Only the lines from the one containing "Wildwood X-Lite Travel" through the end of the listing are to be repeated, exactly and without pictures.

* Given data *
====================
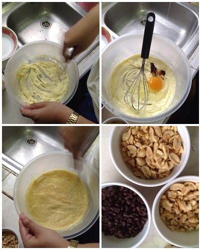 ขั้นตอนการทำไม่ยุ่งยากค้นวิธีการทำได้ทั่วไปแต่ที่เลือกทำครั้งนี้เป็นสูตรของพี่จาดี ผู้เลื่องลือ ไม่ต้องเตรียมอะไรมากเลย เพราะเมย์นั้นก็เป็นคนที่ทำขนมบ่อยอยู่แล้วของเหล่านี้จึงมีติดครัวค่ะ จะมีมาเพิ่มก็แค่ ถั่วและเม็ดมะม่วงหิมพานต์ เอาไว้โรยหน้าคุกกี้และก็ผสมในเนื้อคุกกี้เท่านั้น ตื่นเต้นมากบอกเลยด้วย
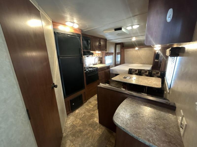 Wildwood X-Lite Travel Trailer, Rear Bath w/Lav., Med. Cab., Neo-Angle Shower, Toilet, Wardrobe, Ent. Center, Dinette, Queen Bed, Dbl. Wardrobes, Dbl. Kitchen Sink, 3-Burner Range, Microwave, Refrigerator, Overhead Cabinets Throughout & Much More.
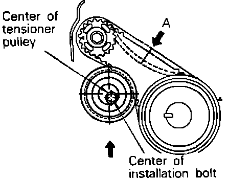 a. Temporarily install timing belt B tensioner to that center of tensioner is to the left and above the installation bolt.
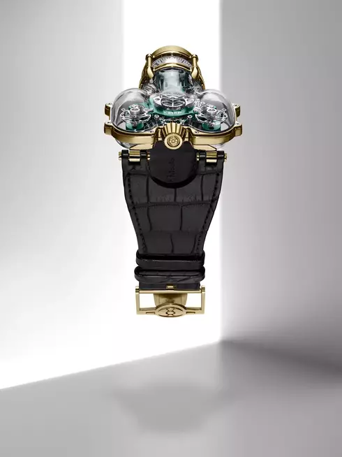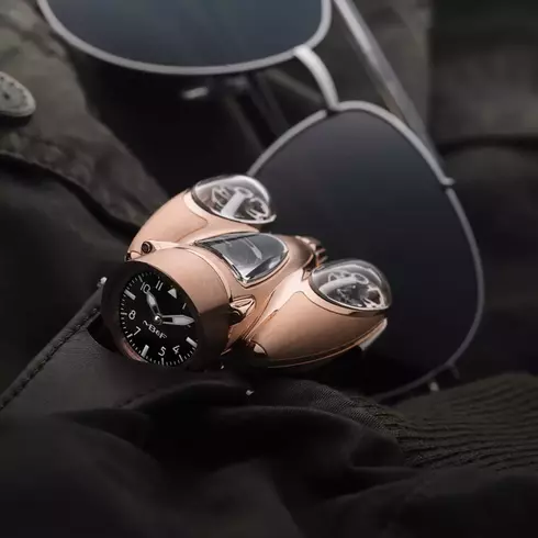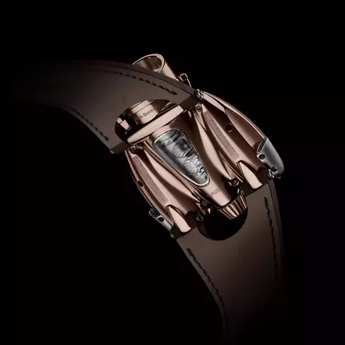 Inspired by the dynamic profiles of automotive and aviation mid-century design, HM9 Flow treads the path opened by the HM4 Thunderbolt and HM6 Space Pirate, with a geometrically complex combination of sapphire crystal, titanium and gold case elements. But HM9 goes beyond its predecessors, redefining what was thought to be possible in case design.
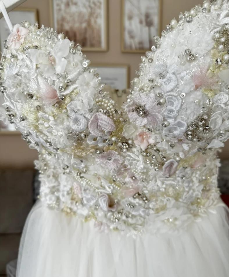 JeWeLove corset wedding dress with removeable sleeves. Bought in Italy for 4500euros. Its corset detail is very beautiful. At the back its with zip and corset. Im a size 10, fitted perfectly. Its a romantic beautiful dress ♥️ selling at a very good price of 650euro 🙂
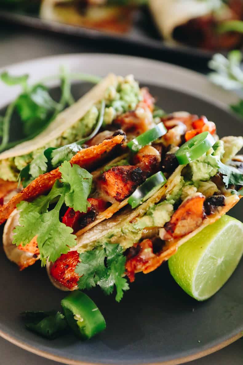 Sweet potatoes are so versatile and can be used in a wide array of both sweet and savory recipes. I also love using them in vegetarian recipes since they’re a nice hearty veggie that keeps you feeling full. Paired with the protein from black beans, these sweet potato and black bean tacos are the perfect vegetarian taco recipe.
====================
* Result of the exercise *
 Wildwood X-Lite Travel Trailer, Rear Bath w/Lav., Med. Cab., Neo-Angle Shower, Toilet, Wardrobe, Ent. Center, Dinette, Queen Bed, Dbl. Wardrobes, Dbl. Kitchen Sink, 3-Burner Range, Microwave, Refrigerator, Overhead Cabinets Throughout & Much More.
 a. Temporarily install timing belt B tensioner to that center of tensioner is to the left and above the installation bolt.
 Inspired by the dynamic profiles of automotive and aviation mid-century design, HM9 Flow treads the path opened by the HM4 Thunderbolt and HM6 Space Pirate, with a geometrically complex combination of sapphire crystal, titanium and gold case elements. But HM9 goes beyond its predecessors, redefining what was thought to be possible in case design.
 JeWeLove corset wedding dress with removeable sleeves. Bought in Italy for 4500euros. Its corset detail is very beautiful. At the back its with zip and corset. Im a size 10, fitted perfectly. Its a romantic beautiful dress ♥️ selling at a very good price of 650euro 🙂
 Sweet potatoes are so versatile and can be used in a wide array of both sweet and savory recipes. I also love using them in vegetarian recipes since they’re a nice hearty veggie that keeps you feeling full. Paired with the protein from black beans, these sweet potato and black bean tacos are the perfect vegetarian taco recipe.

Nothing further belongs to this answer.